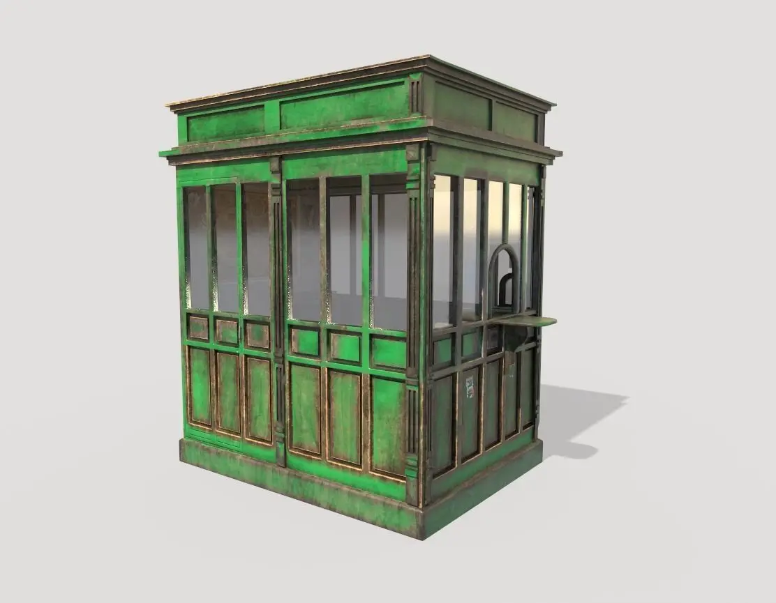 Model of old ticket office . Model is very realistic.It has 4 PBR material.Maps are diffuse-specular-glossiness-height and normal. Also, PBR Metallic-Roughness ( Basecolor-Metallic-Normal-Roughness-Height) workflow has been added. Model's textures has two sizes; 4096x4096-2048x2048. All maps are PNG formats .
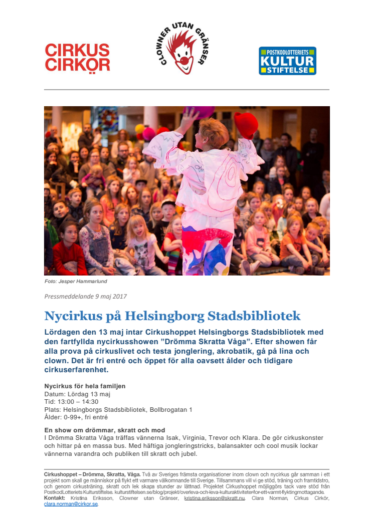 Lördagen den 13 maj intar Cirkushoppet Helsingborgs Stadsbibliotek med den fartfyllda nycirkusshowen ”Drömma Skratta Våga”. Efter showen får alla prova på cirkuslivet och testa jonglering, akrobatik, gå på lina och clown. Det är fri entré och öppet för alla oavsett ålder och tidigare cirkuserfarenhet.
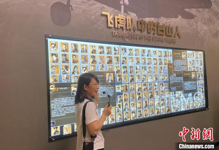 中國僑都華僑華人博物館內(nèi),講解員正在介紹飛虎隊(duì)中祖籍廣東臺山的隊(duì)員。畢松杰 攝
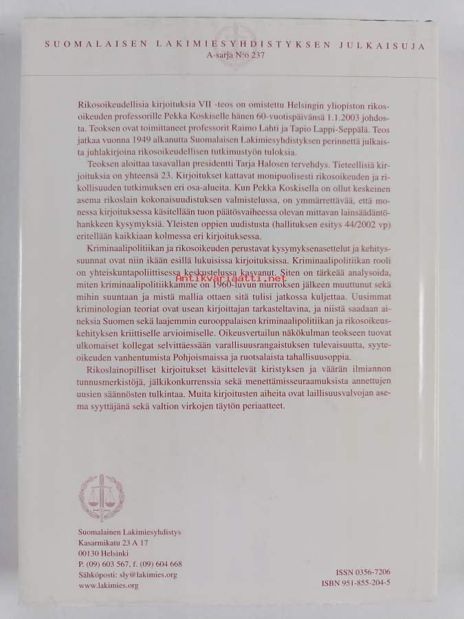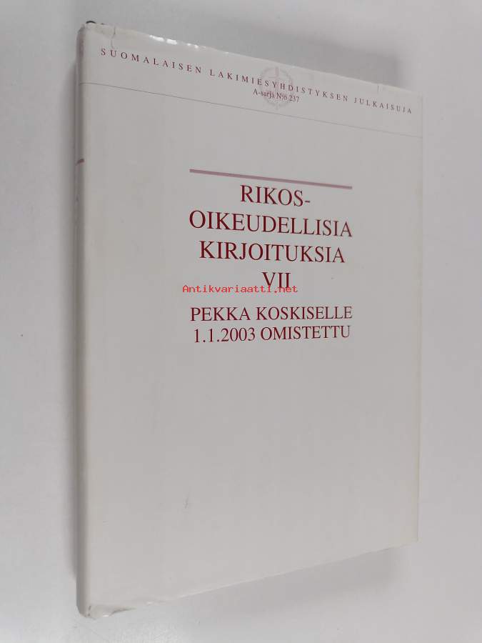 Muu(t) tekijä(t): Raimo Lahti, Eero Backman ym.Sarja: Rikosoikeudellisia kirjoituksia 7; Suomalaisen lakimiesyhdistyksen julkaisuja. A-sarja 237; Suomalaisen lakimiesyhdistyksen julkaisuja : A-sarja 237; Suomalaisen lakimiesyhdistyksen julkaisuja. A-sarja n:o 237Asiasanat: lainsäädäntö, rikokset, oikeushistoria, virkanimitykset, rikosoikeus, oikeuskäytäntö, rangaistukset, oikeudenmukaisuus, nuorisorikollisuus, kriminaalipolitiikka, kriminologia, menettämisseuraamus, rättshistoria, seuraamukset, perätön lausuma, kiristys, juhlajulkaisut, nuori rikoksentekijä, festskrifter, straffrätt, lagstiftning, rättspraxis, utpressning, rättvisa, brott (juridik), straff, ilmianto, kriminalpolitik, ungdomsbrottslighet, tjänsteutnämningar, kriminologi, yleiset opit, förverkandepåföljd, angivelse, osann utsaga

######

=== Task statement ===
Once the pictures are set aside, repeat the data above exactly.

=== Your response ===
 Model of old ticket office . Model is very realistic.It has 4 PBR material.Maps are diffuse-specular-glossiness-height and normal. Also, PBR Metallic-Roughness ( Basecolor-Metallic-Normal-Roughness-Height) workflow has been added. Model's textures has two sizes; 4096x4096-2048x2048. All maps are PNG formats .
 Lördagen den 13 maj intar Cirkushoppet Helsingborgs Stadsbibliotek med den fartfyllda nycirkusshowen ”Drömma Skratta Våga”. Efter showen får alla prova på cirkuslivet och testa jonglering, akrobatik, gå på lina och clown. Det är fri entré och öppet för alla oavsett ålder och tidigare cirkuserfarenhet.
 中國僑都華僑華人博物館內(nèi),講解員正在介紹飛虎隊(duì)中祖籍廣東臺山的隊(duì)員。畢松杰 攝
 Muu(t) tekijä(t): Raimo Lahti, Eero Backman ym.Sarja: Rikosoikeudellisia kirjoituksia 7; Suomalaisen lakimiesyhdistyksen julkaisuja. A-sarja 237; Suomalaisen lakimiesyhdistyksen julkaisuja : A-sarja 237; Suomalaisen lakimiesyhdistyksen julkaisuja. A-sarja n:o 237Asiasanat: lainsäädäntö, rikokset, oikeushistoria, virkanimitykset, rikosoikeus, oikeuskäytäntö, rangaistukset, oikeudenmukaisuus, nuorisorikollisuus, kriminaalipolitiikka, kriminologia, menettämisseuraamus, rättshistoria, seuraamukset, perätön lausuma, kiristys, juhlajulkaisut, nuori rikoksentekijä, festskrifter, straffrätt, lagstiftning, rättspraxis, utpressning, rättvisa, brott (juridik), straff, ilmianto, kriminalpolitik, ungdomsbrottslighet, tjänsteutnämningar, kriminologi, yleiset opit, förverkandepåföljd, angivelse, osann utsaga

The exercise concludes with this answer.